Very exciting. Can't wait till they're available.

Tom


----------



## slots-n-stuff (Oct 18, 2006)

swamibob said:


> :woohoo:COOOOOLLLLLL!!!!!!!!! A new 2 lam arm. :woohoo::woohoo:
> 
> Very exciting. Can't wait till they're available.
> 
> Tom



2 lam Armatures are here... 








They will be available from
Tom Stump
Jaghobbies.com
SlotsnStuff.com​


----------



## slots-n-stuff (Oct 18, 2006)

*More good news*

2 lam Armatures are here


----------



## win43 (Aug 28, 2006)

another big YIPPIE.

I need these too slow 'em down a tad. My eyes can't keep up. :roll:OTFLMAO


----------



## slots-n-stuff (Oct 18, 2006)

*2lam Arm*









THEY'RE HERE​


----------



## slotking (May 27, 2008)

cool
the other cool thing is that my vrp comm truer will still work


----------



## Ralphthe3rd (Feb 24, 2011)

NEW Test Data coming in on the DASH 2 Lam. Here is a report posted by RichD today, on several other Forums...
"by RichD » September 4th, 2014, 8:10 pm
I got my 2 lamination armatures today. Here are some preliminary results, I plan on doing two or three more arms tomorrow. I used one of my Dash 3 lamination armature IROC cars for the lap times. So far no problem with loose winds. I run at 18.5 volts. The weights were without the spacers, the Dash arms are lighter than Aurora arms, they seem to be running a little hot. I will have to check for up and down clearance."


----------



## Ralphthe3rd (Feb 24, 2011)

Also, I forgot to post this other report yesterday by Slotbubba, again it was posted on another forum(where Danny Tantrum Commented to the thread)

DASH 2 lam Arm -First test report.... (from Slotbubba)
"I only got 3 from the first order, but have more coming from a 2nd vendor.

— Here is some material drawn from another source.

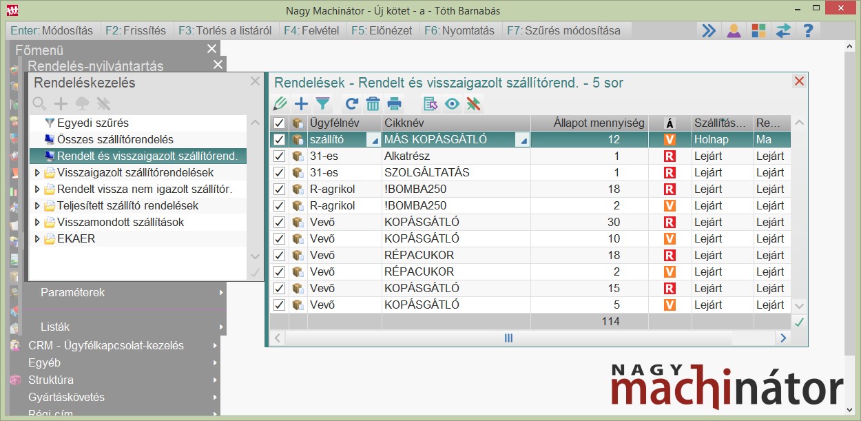 Az aktív rendelések lekérdezésére több mód található a programban.

So, each one Ohmed very even across the 3 poles, but not a huge surprise each motor was different. One was 16.6, next was 16.9, and the last was 17.4. In a way this could be good to help tune a car for a given set of magnets for those of us that get too serious at times.

The comms are pretty darn flat, and it took only a few turns with a com tool/sandpaper disk set up to have a super nice surface to start running with. Ran in a Aurora Tjet chassis, with Dash magnets and Wizzard brushes.
Used a 0-20V adjustable power supply and did gradual voltage changes.

Each one was SUPER smooth across the voltage range, after letting each one run for a while at 6V to do a little bit of brush break in.

Generally pretty happy with them, until I looked at the two I had been spinning up in a test chassis. Here is a photo of one that has been run for just a few minutes (on the left) versus one that has not been run.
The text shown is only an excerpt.